Market and New Jersey: The Evolution of an Urban Corner

Now that Public Greens is open on the corner of NJ and Market, I figured it would be a good time to see the evolution of this corner, which less than a decade ago was an urban disaster. How bad was it in, say, 2007? This bad:

Image Credit: Google Street View

The opposite corner was not any better. It was a surface parking lot for over a decade after the demolition of Market Square Arena:

Image Credit: Google Street View

I also looked at the corner in 2011:

Image Credit: Google Street View
Image Credit: Google Street View

The construction that is visible in the last photo is merely a gravel parking lot turning into a paved parking lot, to match the other paved lot on the north side of the street.

Flash forward to Wednesday of this week, and it’s a different scene:

Image Credit: Kevin Kastner
Image Credit: Kevin Kastner
Image Credit: Kevin Kastner

There are some issues, still. I really wish that the Whole Foods/Starbucks building could have been configured without the mid-block car entry on Market Street. The apartments on the east side of the street are…well…hmm. But, overall, the corner is interesting to me, because these streets are not as wide as standard downtown Indy streets.

I wish we had a lot more intersections of this width. Cars go pretty slowly through here, even with the (silly) one-way street on New Jersey. There are no bike lanes, but bikes don’t feel out of place at all. The closest transit stop is one block over on Alabama Street, so not too far away. Basically, it’s fully built out for now, so whatever is here will likely be here for a while.

Comments 9

  • I agree the intersection has improved tremendously over what has been there in the past. But there are improvements that still need to be made-most importantly pedestrian signals. Try crossing New Jersey St. on the north side of Market Street as a pedestrian; there are no pedestrian signals here making this crossing very dangerous for pedestrians. In addition, Market Street and the intersection are in terrible shape due to all of the recent construction. I believe the city has a project planned this summer to resurface the street and the intersection. I am not sure if that project will address the traffic signal issue.

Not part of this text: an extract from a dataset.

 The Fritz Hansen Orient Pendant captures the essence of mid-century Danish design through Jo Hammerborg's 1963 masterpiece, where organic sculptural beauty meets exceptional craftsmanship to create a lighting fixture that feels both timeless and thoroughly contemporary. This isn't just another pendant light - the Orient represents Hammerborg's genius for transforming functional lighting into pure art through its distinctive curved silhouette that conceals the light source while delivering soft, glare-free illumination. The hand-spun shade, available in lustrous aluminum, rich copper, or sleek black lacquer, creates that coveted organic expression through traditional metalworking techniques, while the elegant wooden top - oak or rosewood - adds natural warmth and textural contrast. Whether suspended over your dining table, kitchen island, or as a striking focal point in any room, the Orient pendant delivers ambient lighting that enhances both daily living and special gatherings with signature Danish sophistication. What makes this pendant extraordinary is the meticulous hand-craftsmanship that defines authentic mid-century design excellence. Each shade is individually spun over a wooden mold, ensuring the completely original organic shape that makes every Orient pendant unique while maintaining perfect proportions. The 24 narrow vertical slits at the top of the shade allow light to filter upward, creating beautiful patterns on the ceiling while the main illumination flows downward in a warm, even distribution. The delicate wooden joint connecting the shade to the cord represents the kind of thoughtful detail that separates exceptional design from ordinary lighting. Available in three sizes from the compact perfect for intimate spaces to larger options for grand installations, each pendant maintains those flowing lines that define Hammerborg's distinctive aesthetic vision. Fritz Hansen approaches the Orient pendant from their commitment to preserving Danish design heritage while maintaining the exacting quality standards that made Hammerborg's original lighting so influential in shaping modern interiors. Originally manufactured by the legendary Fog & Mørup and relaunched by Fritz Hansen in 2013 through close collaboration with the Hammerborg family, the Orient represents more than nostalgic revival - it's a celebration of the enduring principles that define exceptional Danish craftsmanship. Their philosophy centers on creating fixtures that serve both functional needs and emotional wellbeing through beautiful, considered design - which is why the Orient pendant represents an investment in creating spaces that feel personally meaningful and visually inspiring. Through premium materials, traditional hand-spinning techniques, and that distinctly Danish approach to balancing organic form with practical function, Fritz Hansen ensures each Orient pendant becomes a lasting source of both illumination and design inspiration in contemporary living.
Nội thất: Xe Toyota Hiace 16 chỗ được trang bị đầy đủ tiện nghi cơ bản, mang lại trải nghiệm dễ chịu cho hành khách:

    • It’s true, and I did omit this detail from the blog post. I have been assured by DPW that the new crosswalk signals will be in place after the Market Street project. Looking forward to that, because as you say, it’s not good right now.

    • wish they’d make it brick so it wouldn’t be so high maintenance and it’d be uniform with market street east of this development to the circle… plus it encourages slower driving.

  • No matter how many times I see those orange apartments tacked to the side of the parking garage, I catch myself wondering when they are going to put the exterior paneling over the sheathing.

  • Man, I freaking love those apartments (or at least the idea of them) tagged on the side of the parking garage. I’d love to see more of that elsewhere. Skinny down a street by moving the sidewalk toward the other sidewalk and use the resulting space for apartments or townhomes.

    • i like the idea too, the execution is ok, it’s at least something different and appears to have had some actual design to it. I like the circular windows that have views straight downtown to the monument. It’s basically 1/4 of a texas donut, wish all the garages were covered like this but most are too close to the street. They should really put a building in that big empty grass lot next to the goverment parking garage/government building/big blue hotel at west st/washington.

  • I’m not a fan of the parking garage facing the rest of downtown or the cummins garage being super generic and front and center but I love the cummins building and i’m mostly happy with the market360 tower, artistry is…. what it is but I agree, most of this is pretty good, that street between cummins and market360 should really be turned into brick, it’d be a nice continuance of the brick on the other side of the street plus the existing concrete as absolute doodoo.

  • I was thinking about the transformation of this intersection while sitting at a table at the Starbucks next to the window and facing east. It occurred to me that if someone were dropped into that spot from just a few years earlier, the only clue as to location would be 1) the City County Building way over my right shoulder; or 2) the entrance to the Market District Garage if someone had a real eye for detail and could recognize it even with the apartments appended. It’s a pretty notable transformation that isn’t often seen in Indianapolis.

    • Actually, such transformations are gaining momentum throughout downtown (which I do not restrict to the Mile Square). Perhaps the most transformative locale is CityWay as phase II builds up and out. Drive south on Pennsylvania past the new Hyatt and then left on East Street. Delaware Street between the railroad overpass and East Street looks far different than just five years ago. The north side of East beyond the Alexander Hotel, and the west side of Virginia north to the overpass, are also very different now. Within several years the PanAm Plaza will look and feel very different as well, with the new Signia Hilton rising to 38 stories, and another hi-rise hotel and convention center expansion filling out the space. Last but not least, the developing Bottleworks at the east end of Mass Avenue and College round out the major transformations that will change the streetscapes, skyline, and vibrancy of our dowmtown. I look for the downtown population to conti ue its upward trajectory for the foreeable future.